18th-century theatre in New York City

John Street Theatre, situated at 15–21 John Street, sometimes called "The Birthplace of American Theatre", was the first permanent theatre in the Financial District of Manhattan, New York. It opened on December 7, 1767, and was operated for several decades by the American Company. It closed on January 13, 1798.

==History==
=== Construction and opening ===

Two figures in Roman costume, on stage; eighteenth-century audience in foreground. Scribbling, including date 1791, on wall on each side. Interior of the old John St.

The theatre was built by David Douglass (c. 1720 – 1786), an English actor who had emigrated to Jamaica in about 1750. There he met Lewis Hallam, leader of a touring theatrical company, and, after Hallam's death, married his widow, Sarah Hallam. The newly married pair formed the American Company from Hallam's old company and toured the United States performing and, if it was necessary, erecting theatres, across America. Douglass had built two temporary theatres in New York - on Cruger's Wharf and on Beekman Street - but his third New York theatre, the John Street Theatre, was the city's first permanent playhouse.

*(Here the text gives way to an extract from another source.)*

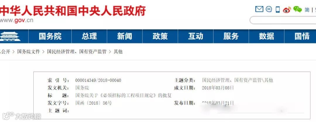 《必须招标的工程项目规定》已经国务院批准,现予公布,自2018年6月1日起施行。
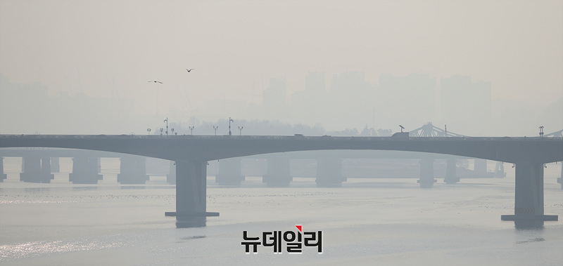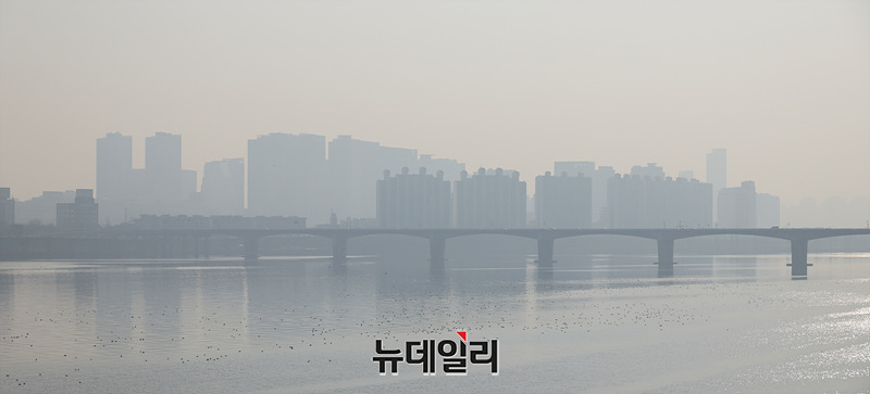 중국 북동부에서 발생한 산불 먼지와 대기 정체로 인해 비상저감조치가 발령된 17일 오전 서울 한강에서 바라본 건물들이 뿌옇게 보이고 있다. 내일은 전국에 비가 내린뒤 맑아질 전망이다.

The John Street Theatre was modelled after Douglass's own Southwark Theatre in Philadelphia, the first permanent theatre in the United States, which was itself modelled on the theatres of London. No pictures survive of the building's exterior. Dunlap described it as "principally of wood, an unsightly object, painted red". It was set 60 feet back from the street, with a wooden covered walkway from the pavement to the doors. Inside, it had two tiers of boxes, a pit and a gallery. The dressing rooms and green room were located in a neighbouring shed, although Dunlap speculates that these were originally under the stage. Its seating capacity was approximately 750.

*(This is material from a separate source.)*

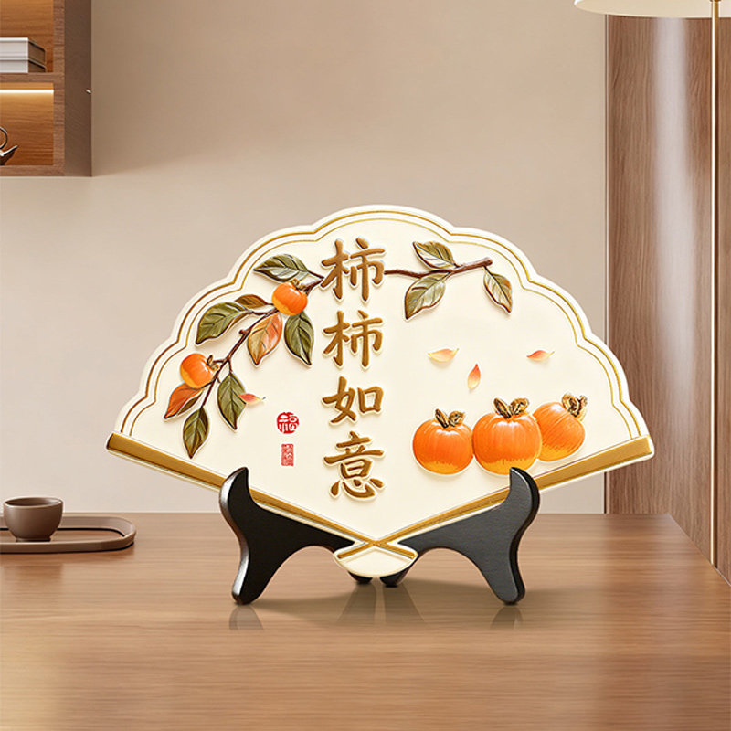 新中式餐厅装饰画饭厅墙面壁画客厅沙发背景墙挂画圆形柿柿如意画

John Street opened on December 7, 1767, with a production of The Beaux' Stratagem, and for 31 years was the only theatre in Manhattan.

=== Performance history ===
From 1767 to 1774, the theatre was operated by the American Company, which gave New York its first performances of The Merchant of Venice, Macbeth, King John and Every Man in his Humour, as well as contemporary plays. The theatre was also the first to introduce "blackface" performances to the United States, with Lewis Hallam Junior's blacked-up portrayal of Mungo in The Padlock, which premiered at John Street on May 29, 1769.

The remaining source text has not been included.